▶ [WHAT YOU SHOULD DO]
Among the records below, find the line with "Химия проста: воск" and the line with "Grey wool Pendleton". Set down both and every line between, exactly and with no pictures, but nothing else.
Start of DATA RECORDS
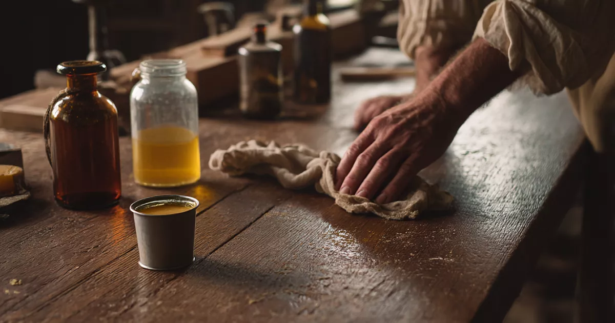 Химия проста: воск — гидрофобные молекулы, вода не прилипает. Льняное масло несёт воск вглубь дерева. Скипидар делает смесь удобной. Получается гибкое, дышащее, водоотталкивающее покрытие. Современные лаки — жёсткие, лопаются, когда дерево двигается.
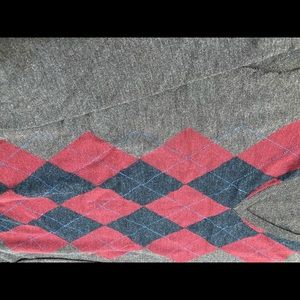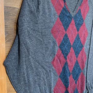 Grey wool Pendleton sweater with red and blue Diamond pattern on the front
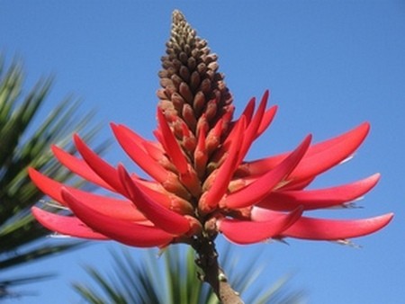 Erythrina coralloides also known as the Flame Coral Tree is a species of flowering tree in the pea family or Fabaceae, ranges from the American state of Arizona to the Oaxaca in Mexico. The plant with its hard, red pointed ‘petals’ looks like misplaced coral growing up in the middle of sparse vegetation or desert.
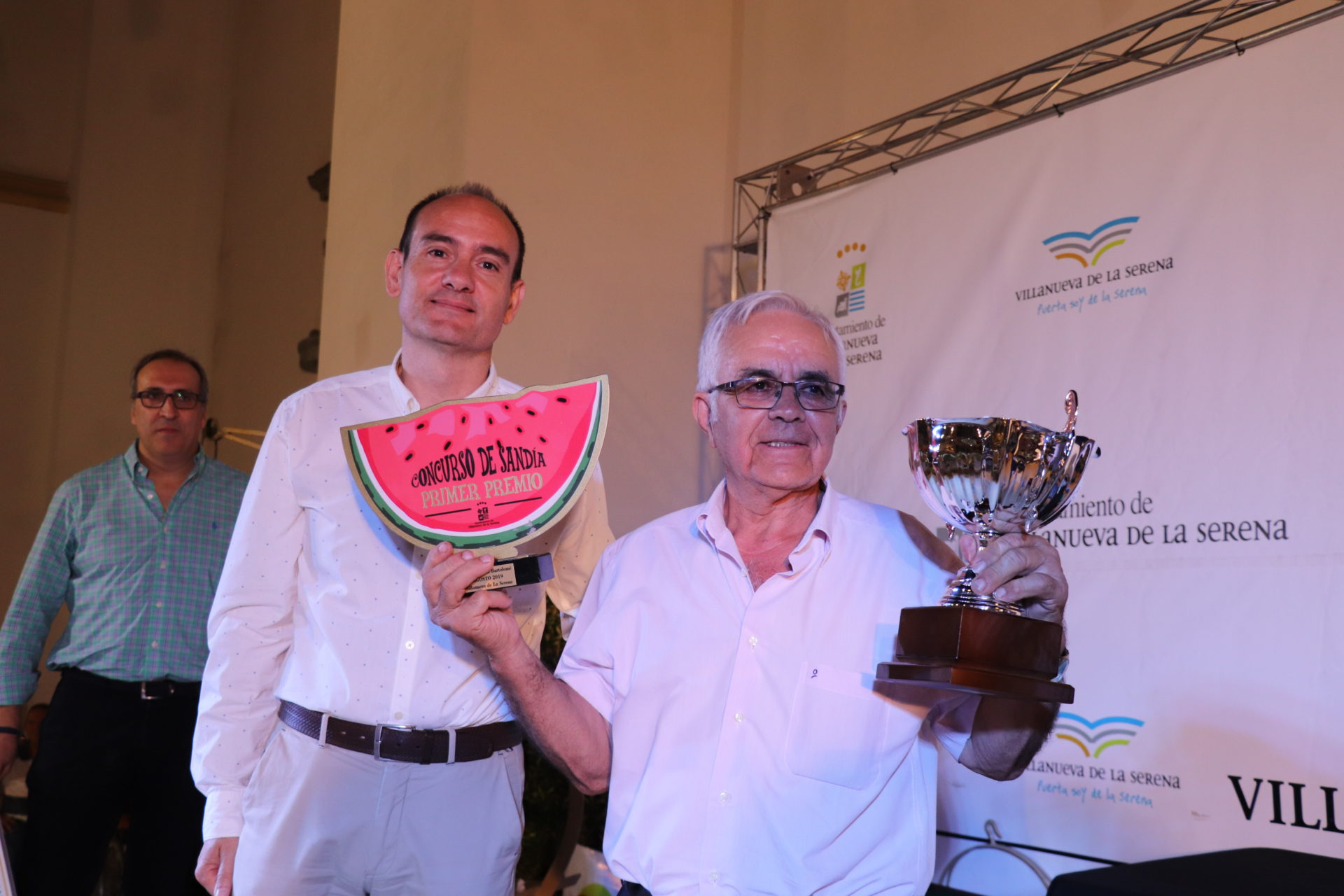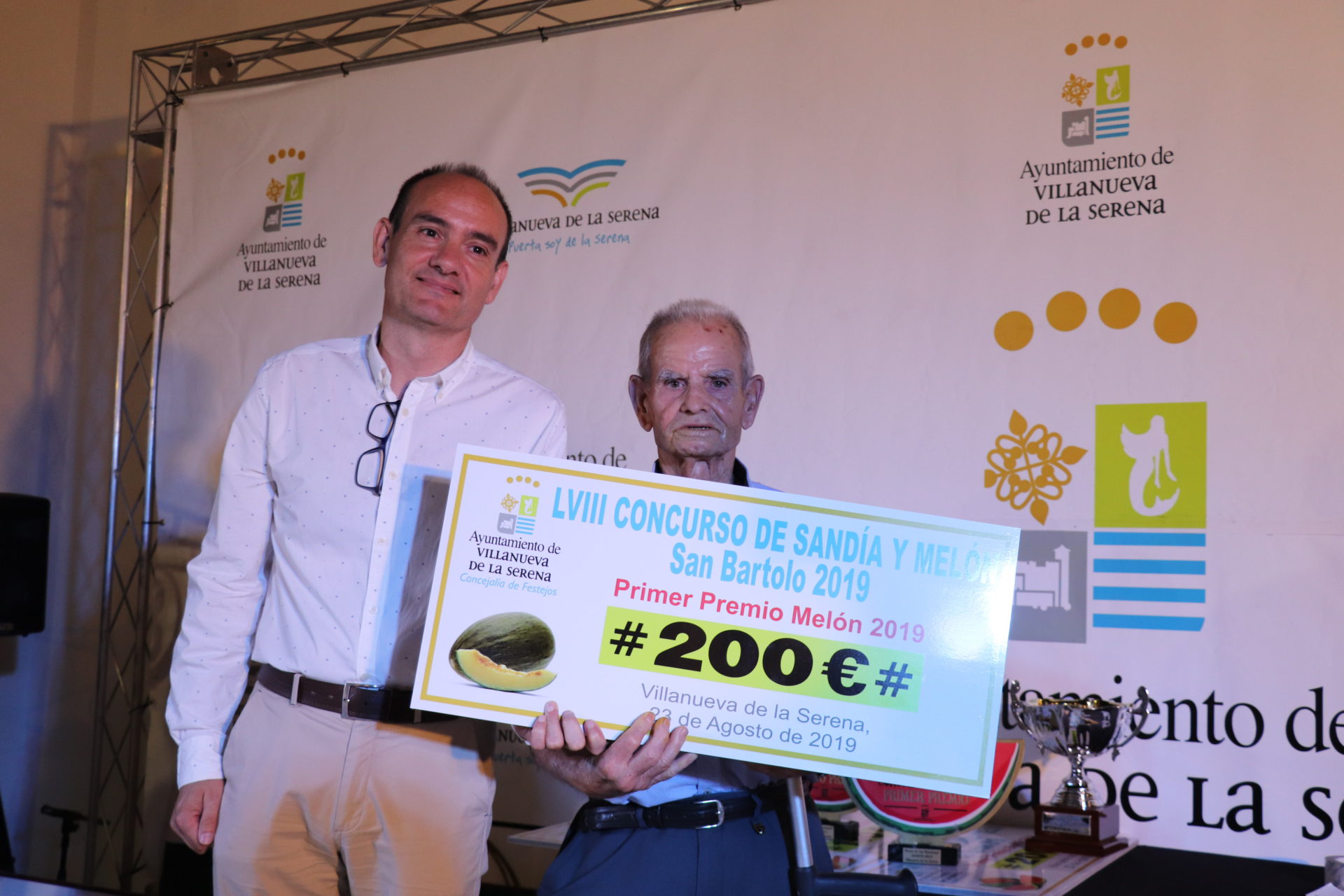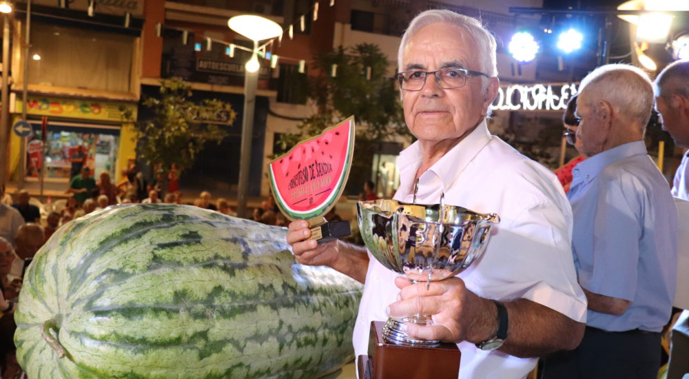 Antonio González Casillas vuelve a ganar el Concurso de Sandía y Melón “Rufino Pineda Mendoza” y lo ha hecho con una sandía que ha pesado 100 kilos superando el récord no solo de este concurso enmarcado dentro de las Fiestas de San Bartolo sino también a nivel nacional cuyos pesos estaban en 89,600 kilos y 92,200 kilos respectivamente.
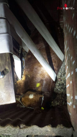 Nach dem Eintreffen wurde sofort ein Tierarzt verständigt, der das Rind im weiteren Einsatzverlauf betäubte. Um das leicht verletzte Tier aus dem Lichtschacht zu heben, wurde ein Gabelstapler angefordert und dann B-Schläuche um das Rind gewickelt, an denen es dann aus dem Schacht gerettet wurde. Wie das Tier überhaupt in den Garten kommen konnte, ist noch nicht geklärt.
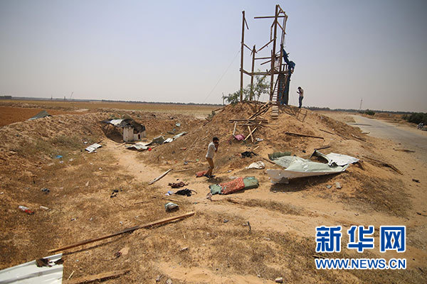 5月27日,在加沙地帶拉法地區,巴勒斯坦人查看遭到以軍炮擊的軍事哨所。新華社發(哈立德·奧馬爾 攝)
End of DATA RECORDS
Start of DATA RECORDS
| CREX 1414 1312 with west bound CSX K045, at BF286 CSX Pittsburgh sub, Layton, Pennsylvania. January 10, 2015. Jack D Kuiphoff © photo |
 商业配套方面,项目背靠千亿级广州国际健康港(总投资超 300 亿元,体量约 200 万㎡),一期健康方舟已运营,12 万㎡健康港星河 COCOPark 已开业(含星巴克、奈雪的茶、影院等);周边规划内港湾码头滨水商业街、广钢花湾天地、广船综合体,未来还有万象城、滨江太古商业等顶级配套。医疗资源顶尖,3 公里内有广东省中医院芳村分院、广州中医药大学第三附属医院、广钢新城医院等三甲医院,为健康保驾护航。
End of DATA RECORDS
▶ [RESULT FOR THIS TASK]
 Химия проста: воск — гидрофобные молекулы, вода не прилипает. Льняное масло несёт воск вглубь дерева. Скипидар делает смесь удобной. Получается гибкое, дышащее, водоотталкивающее покрытие. Современные лаки — жёсткие, лопаются, когда дерево двигается.
 Grey wool Pendleton sweater with red and blue Diamond pattern on the front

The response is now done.